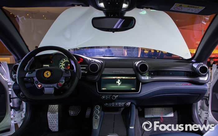 (서울=포커스뉴스) 29일 오전 서울 광진구 W서울 워커힐 호텔에서 이탈리아 스포츠카 브랜드 페라리가 'GTC4 루쏘(GTC4Lusso)'를 선보이고 있다. 사진은 신차의 실내 모습.
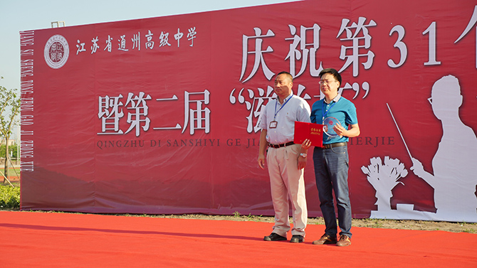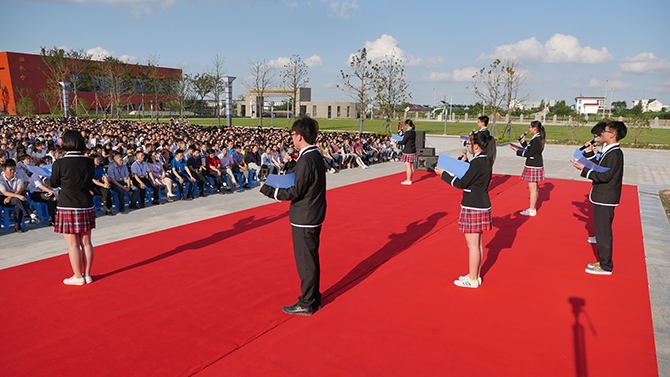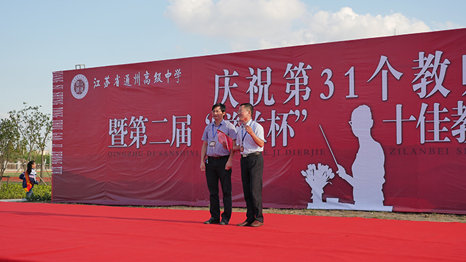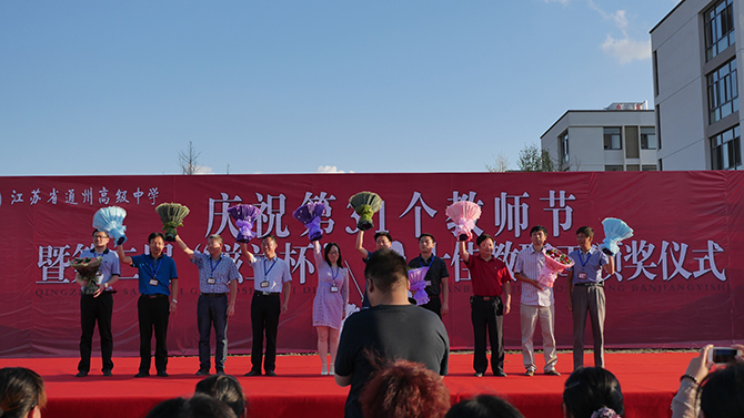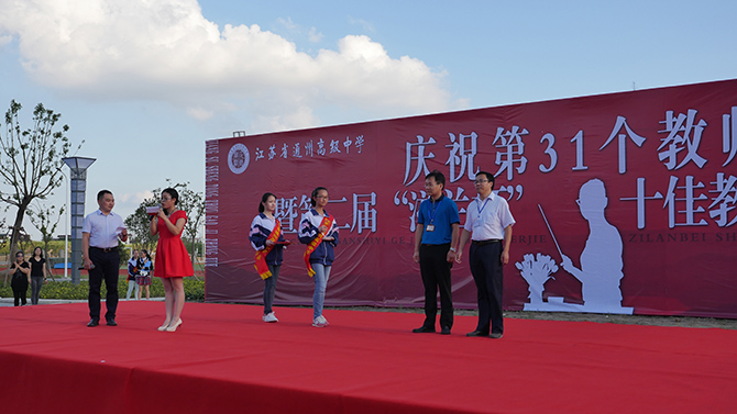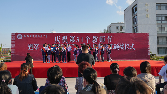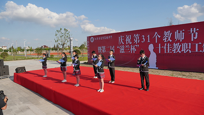 大会上,季仲平校长作了教师节致辞,并与党委书记曹光明,副校长许斌、秦志强、张圣兵一起为十佳教职工颁奖,侯卫东老师代表十佳教职工发表获奖感言。颁奖过程中,学生艺术团以诗朗诵的方式表达了对教师的感恩;每个班级为课任老师制作了精美的感恩卡,由工会主席曹耀忠老师随机抽取,学生主持人现场诵读并赠予礼品。
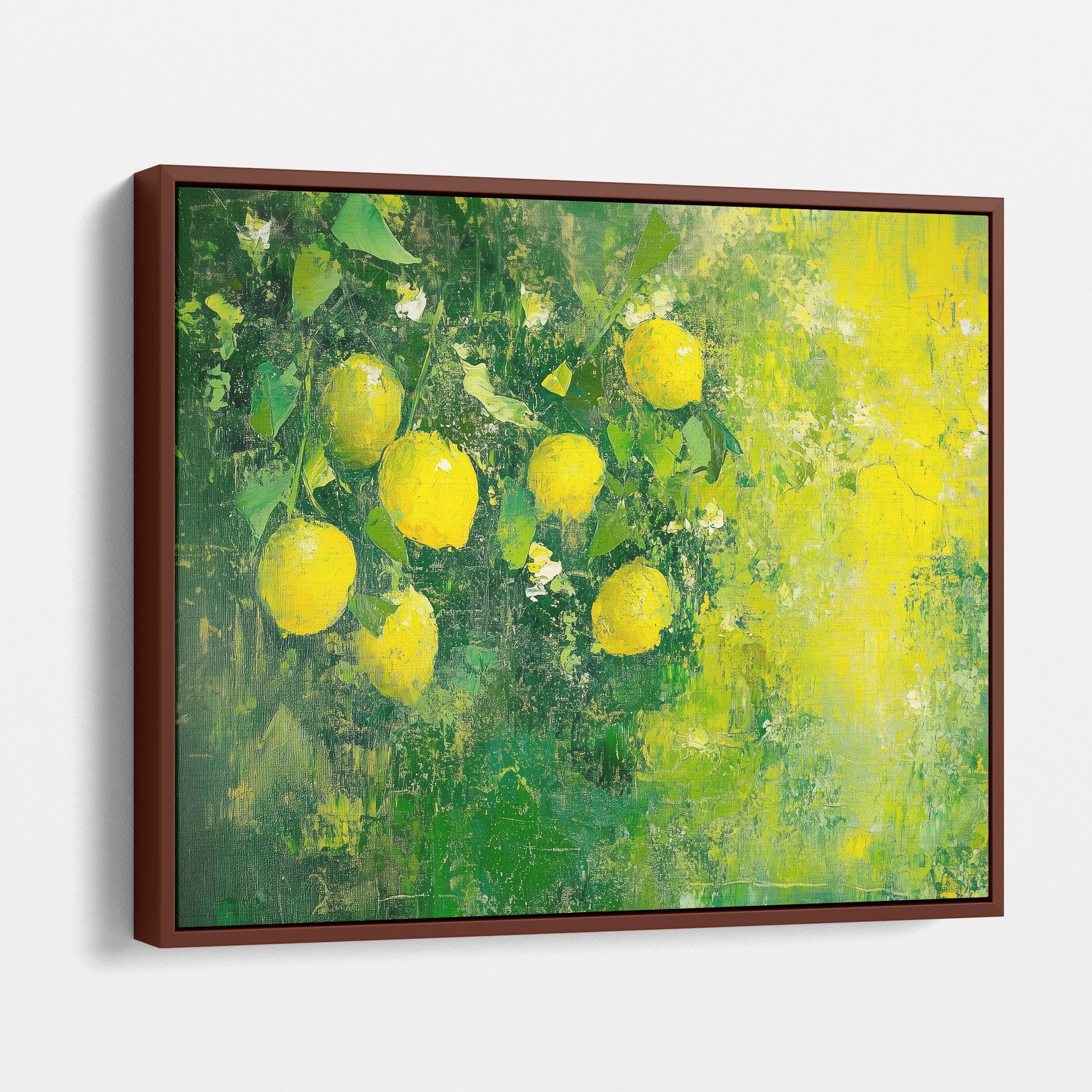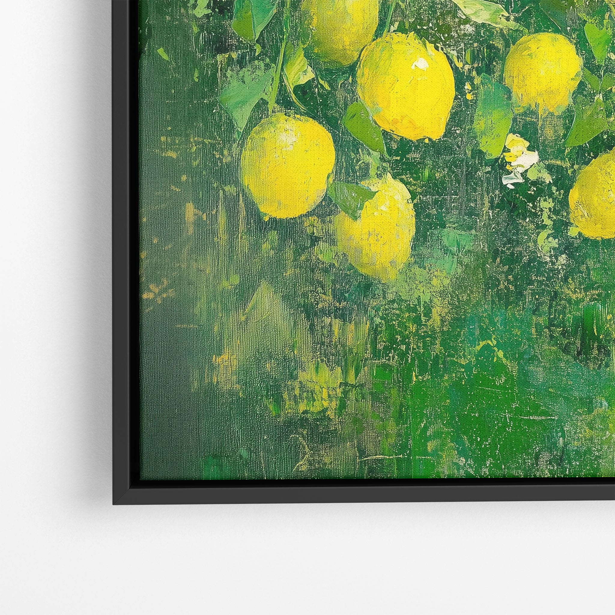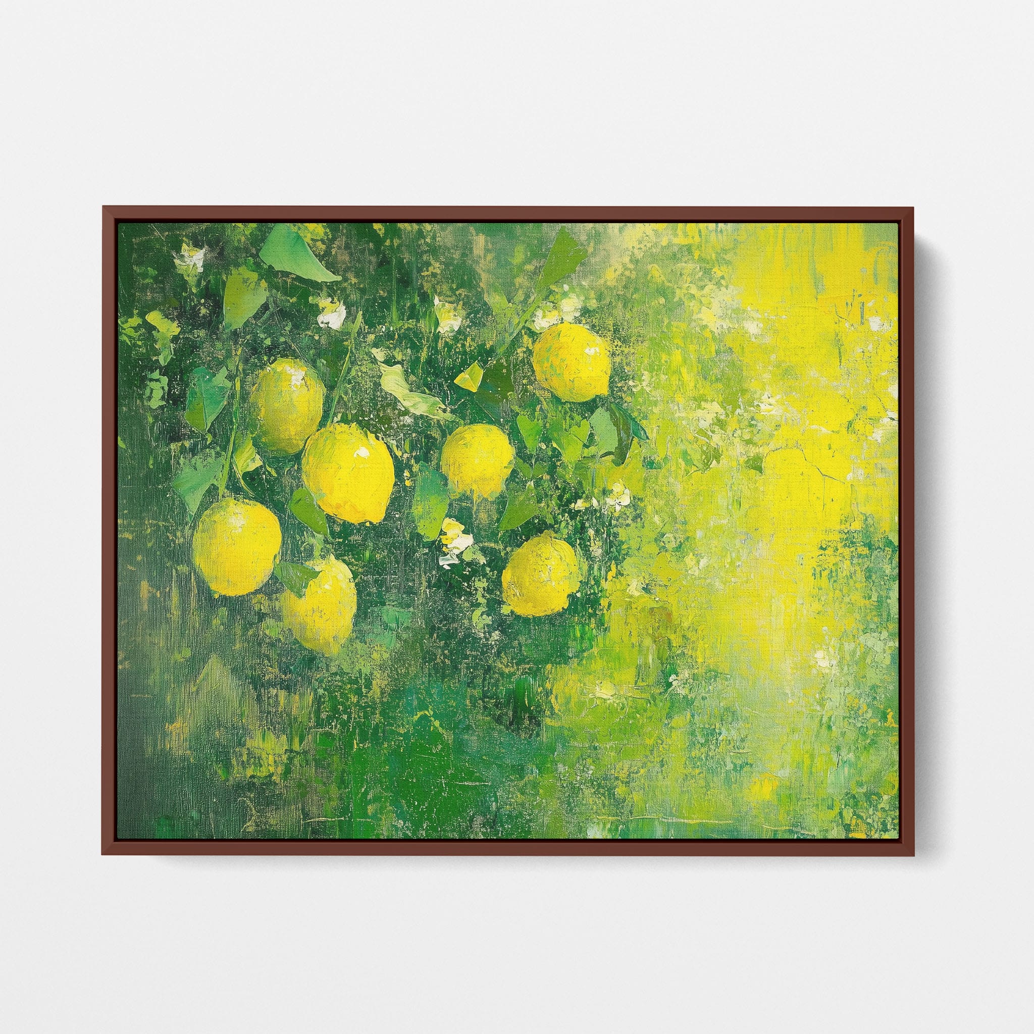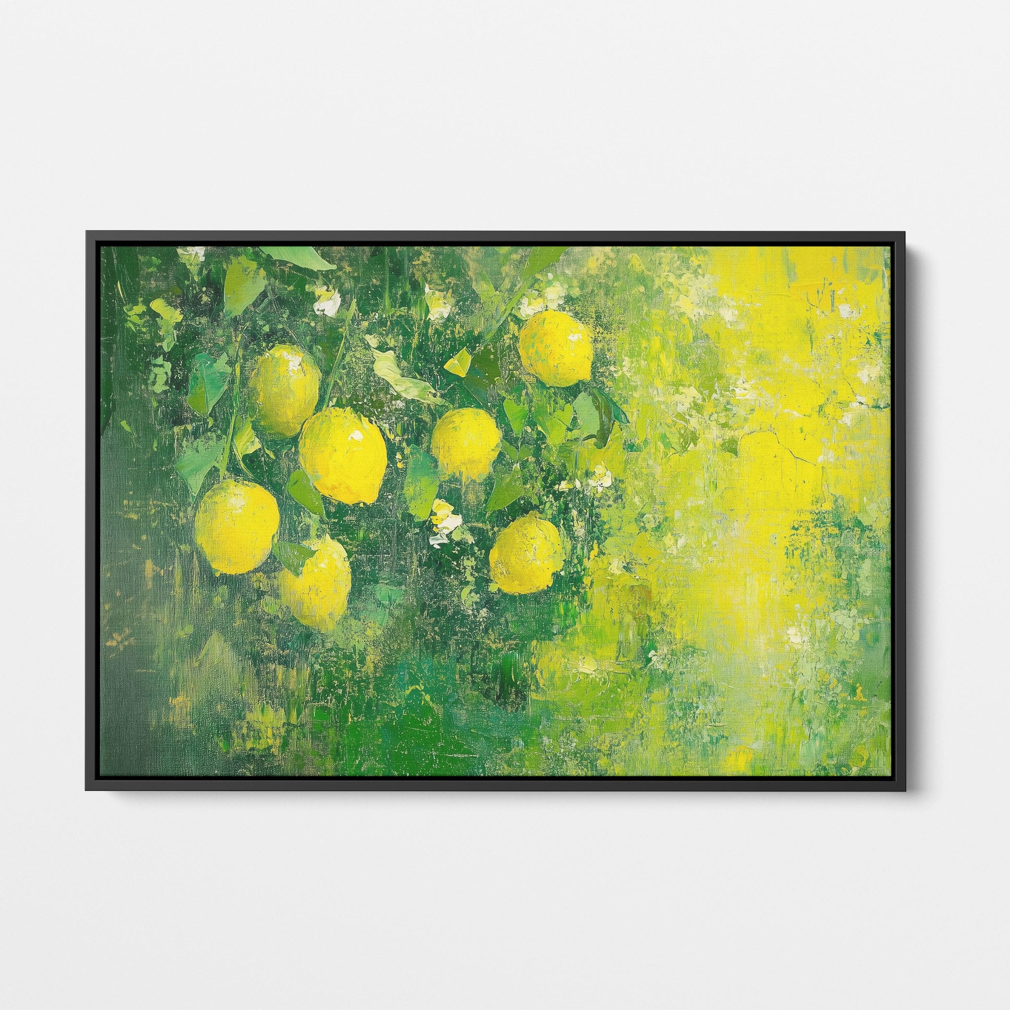 Capturing the lively essence of summer, this vivid painting showcases a cluster of fresh, bright lemons ensconced in rich, verdant greens. Utilizing thick layers of paint, the artist achieves a texture that elevates the ordinary fruit to a captivating focus of art. The joyful yellows against the dynamic green background evoke the zest of nature, appealing to aficionados of Impressionism and Still Life. Ideal for brightening up a kitchen or a dining space, this piece promises to bring a touch of nature's vibrancy into your home.

# Work instructions
Set down the material above word for word and skip its pictures.

# Result
 (서울=포커스뉴스) 29일 오전 서울 광진구 W서울 워커힐 호텔에서 이탈리아 스포츠카 브랜드 페라리가 'GTC4 루쏘(GTC4Lusso)'를 선보이고 있다. 사진은 신차의 실내 모습.
 大会上,季仲平校长作了教师节致辞,并与党委书记曹光明,副校长许斌、秦志强、张圣兵一起为十佳教职工颁奖,侯卫东老师代表十佳教职工发表获奖感言。颁奖过程中,学生艺术团以诗朗诵的方式表达了对教师的感恩;每个班级为课任老师制作了精美的感恩卡,由工会主席曹耀忠老师随机抽取,学生主持人现场诵读并赠予礼品。
 Capturing the lively essence of summer, this vivid painting showcases a cluster of fresh, bright lemons ensconced in rich, verdant greens. Utilizing thick layers of paint, the artist achieves a texture that elevates the ordinary fruit to a captivating focus of art. The joyful yellows against the dynamic green background evoke the zest of nature, appealing to aficionados of Impressionism and Still Life. Ideal for brightening up a kitchen or a dining space, this piece promises to bring a touch of nature's vibrancy into your home.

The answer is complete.